Wednesday, January 8, 2020 

Aquatic species carried by ships’ hulls and which present environmental problems for regional ecosystems could be prevented with a new hull coating under development by researchers at Flinders University.

Scientists at the Australian university’s Institute for Nanoscale Science and Technology have received a AUS$150,000 State Government grant to develop and test coatings capable of preventing biofouling growth using chemically engineered carbon-based coating to draw copper ions from sea water and then release them using electrical pulses. 

Another coating using only electrical pulses to remove fouling will also be tested. The new coatings will be tested in seawater, with DNA testing of marine organisms to verify the ability of the coatings to kill biofouling organisms.

In an article published in The Lead, a South Australia new outlet, Flinders University Professor Mats Andersson said: “You wait for some time for it to take the copper up from seawater and then you stimulate it with electricity to release the copper, then you take it up again and release it so it is a closed cycle. When the copper is released it kills the organisms forming on the hull of the ship.”

He furthered: “We don’t know if it is as effective yet but we have seen it in small trials in fish tanks in the lab and it seems to work.”

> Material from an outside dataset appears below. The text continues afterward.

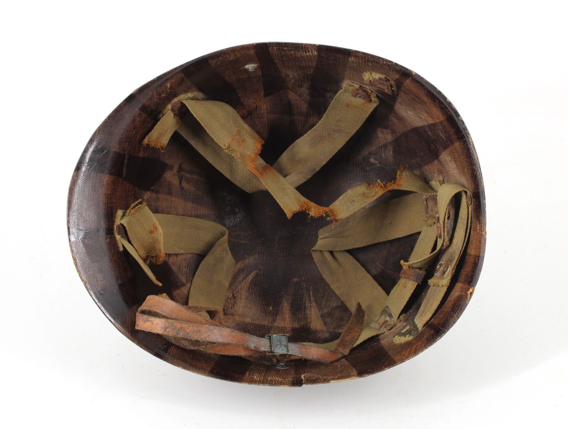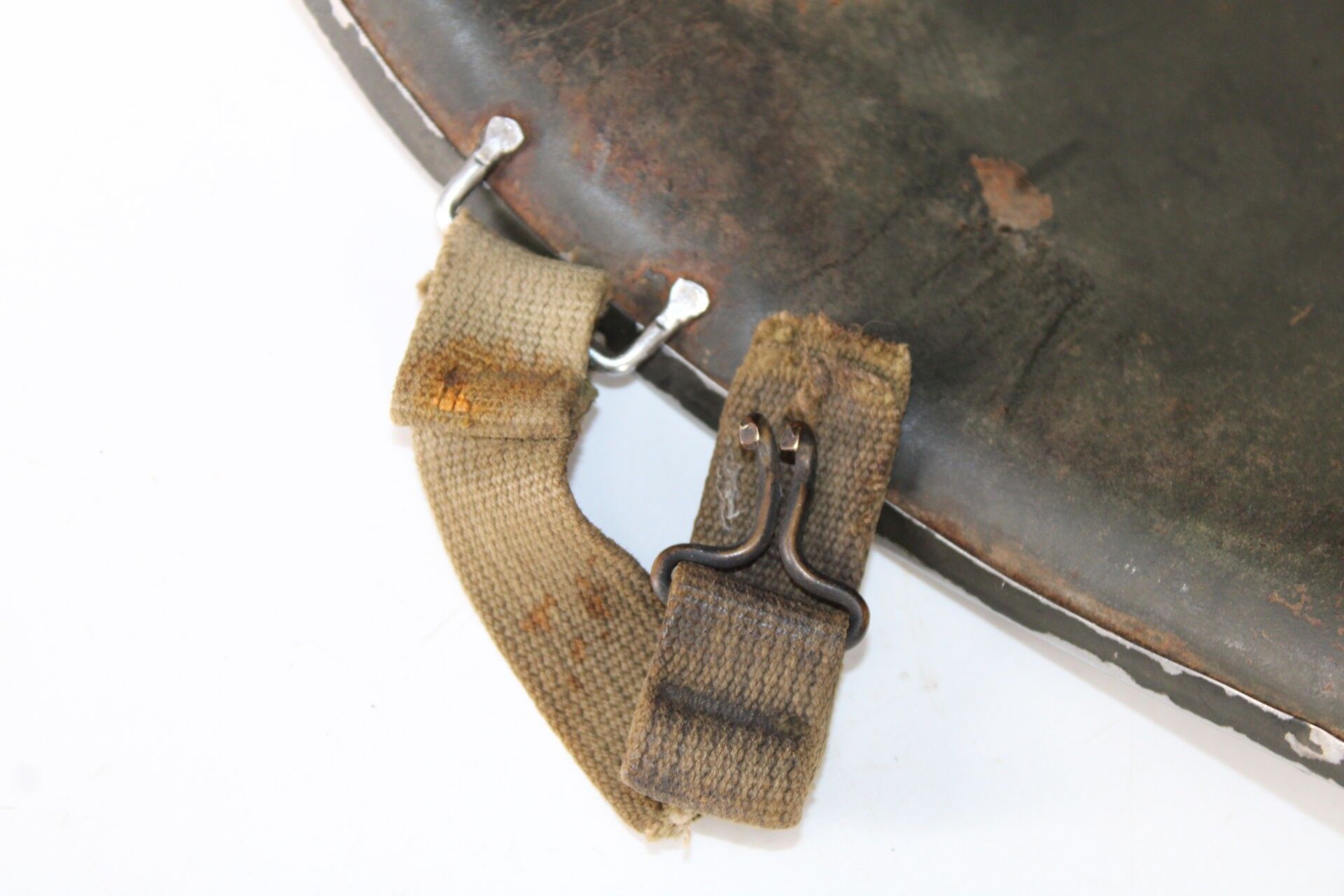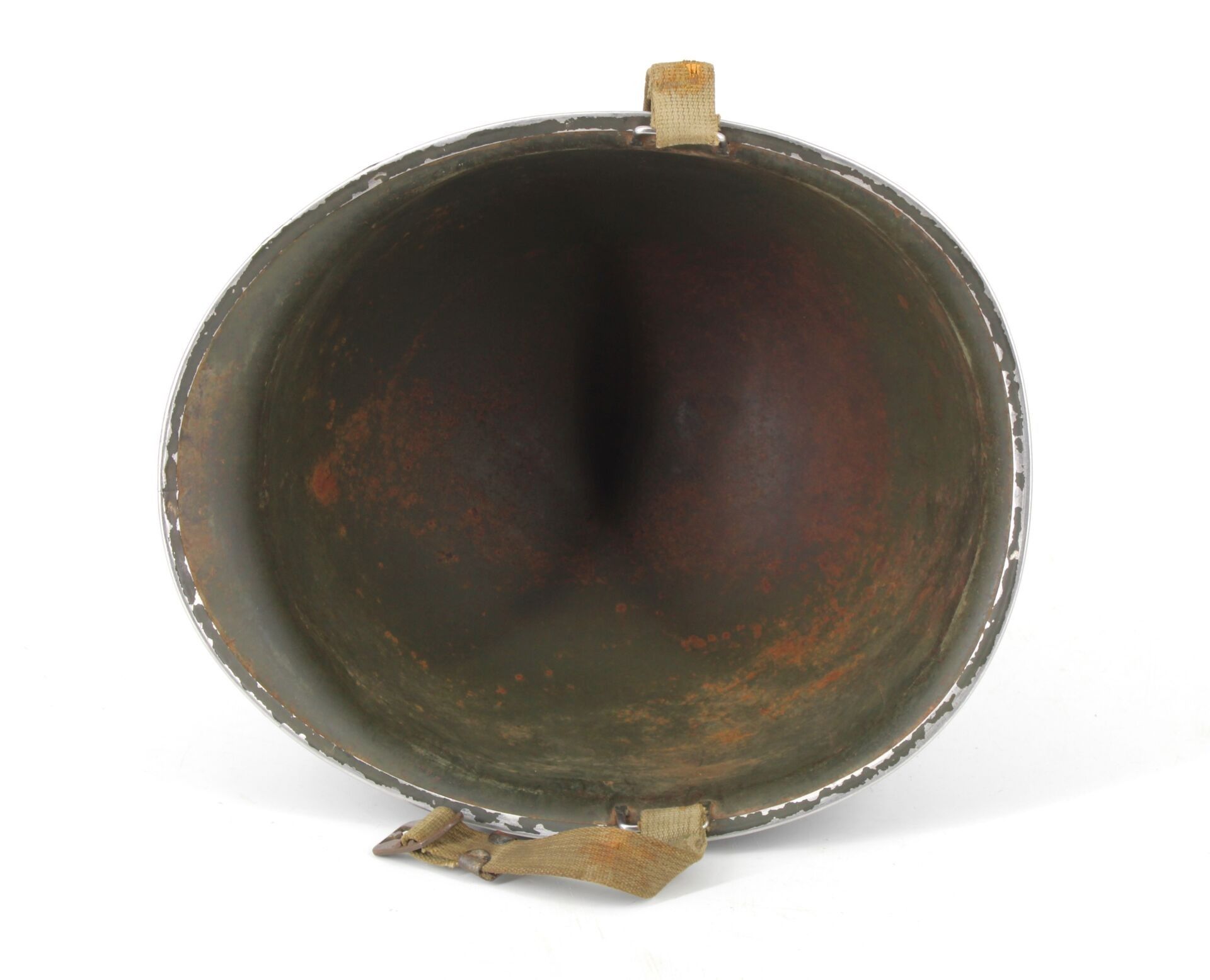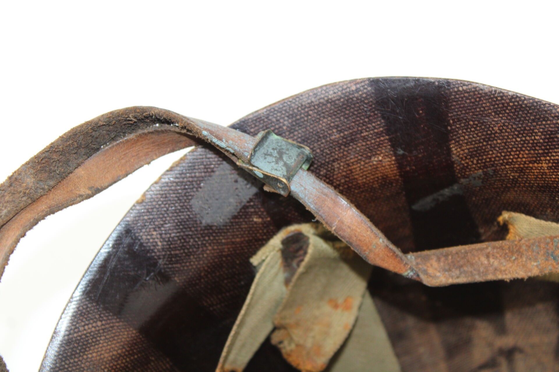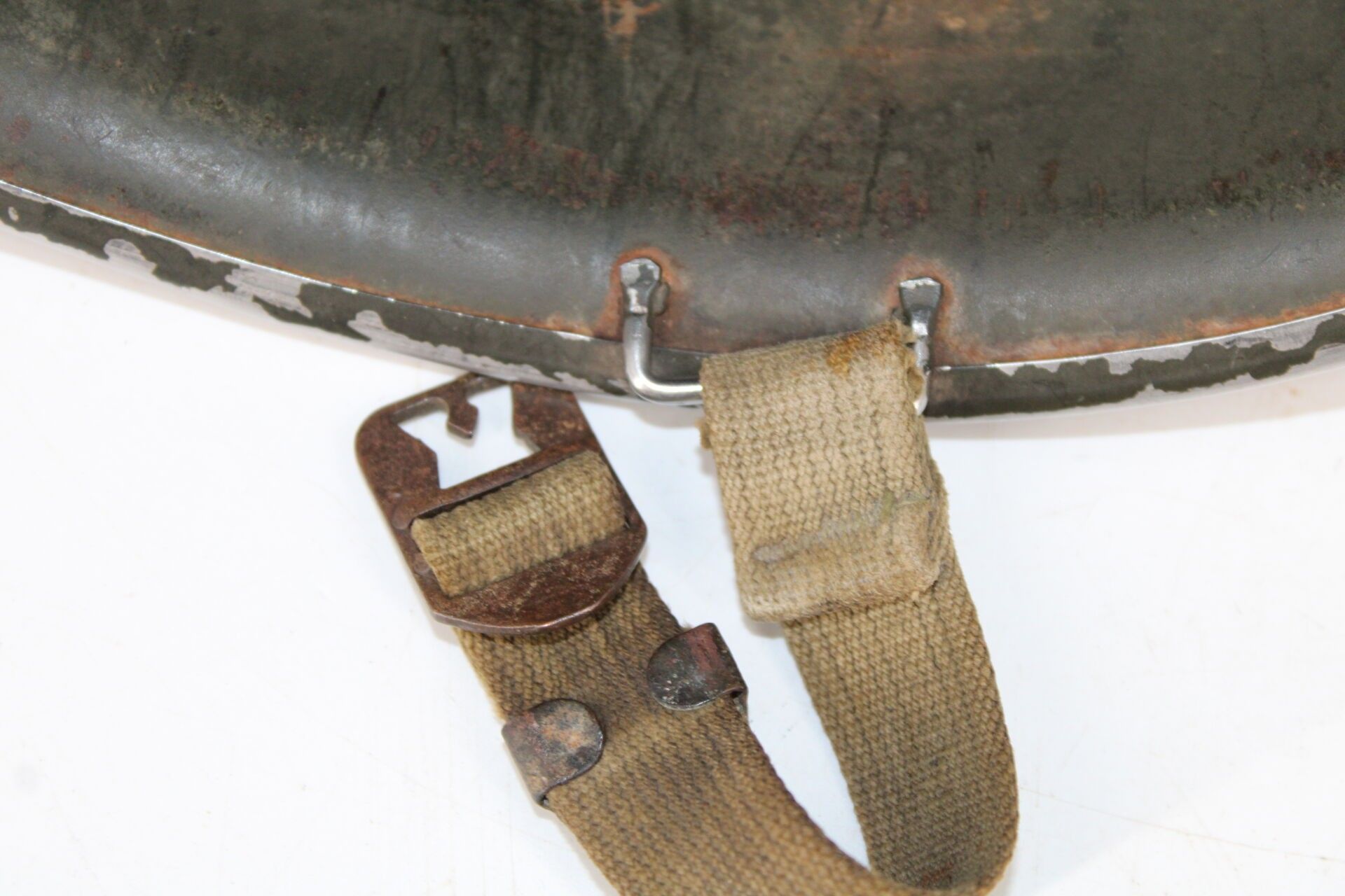 With cap, leather chinstrap & back protector. Several chips & traces of wear.

While the potential of the coating to prevent biofouling is of interest given that some countries have now introduced strict biofouling rules, the use of copper in antifouling paints is falling under increasing scrutiny.

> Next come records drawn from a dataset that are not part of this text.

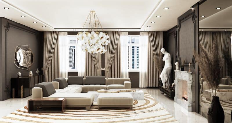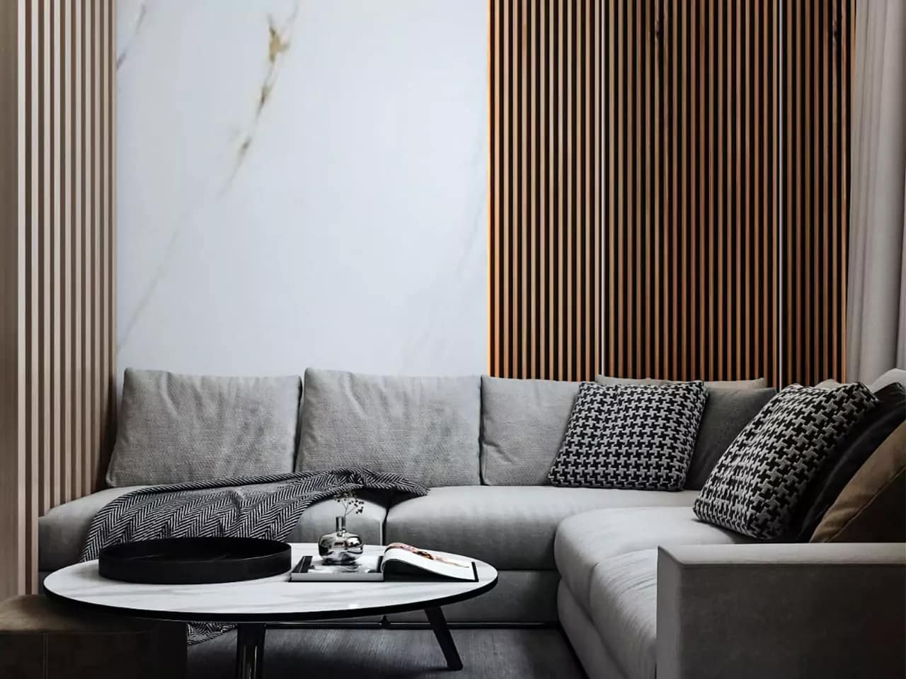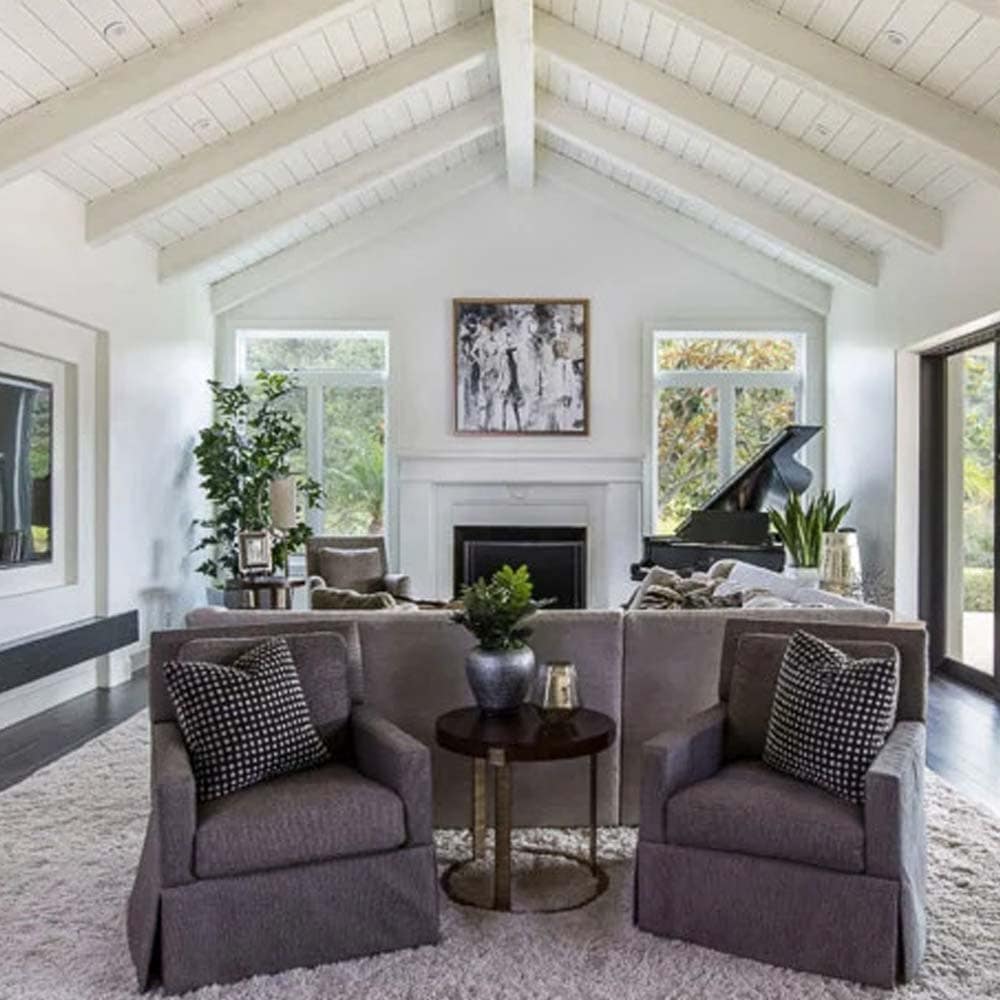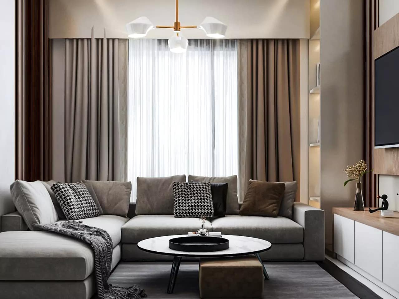 This inviting living room is a harmonious blend of modern design and elegant comfort. The sleek lines and minimalist aesthetic of the furniture are softened by the warm tones and plush textures of the fabrics.
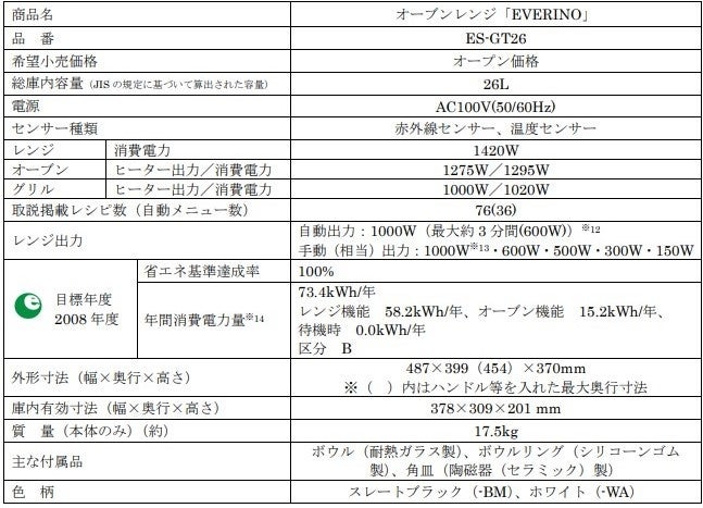 オーブンレンジ「EVERINO(エブリノ)」(ES-GT26型) ニュースリリース
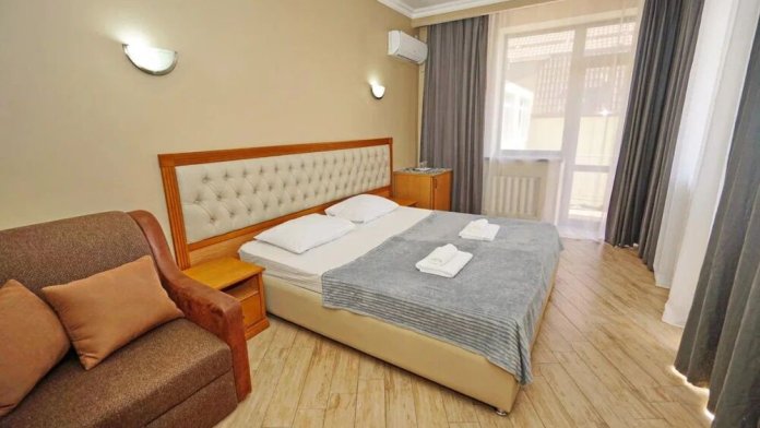 Комфортные номера со всей необходимой техникой. Кровати трансформеры (2 односпальные или 1 двуспальная кровать) и диван-кровать, прикроватные тумбы, стол, стулья, шкаф, вешалки, зеркало, постельное белье, полотенца, фен, телевизор, интернет кабельное, кондиционер, холодильник, балкон, санузел совмещённый.

Although a number of countries are considering banning its use in hull coatings, to date only the state of Washington in the US has legislated to phase out copper-based paints for recreational boats by 2021. In 2018, California set a maximum leach rate for copper-based antifoulings in boats operating in its waters.

Pictured are project leaders Professor Mats Andersson and Associate Professor Sophie Leterme, who lead a research group Flinders Biofilm Research and Innovation Consortium (or BRIC).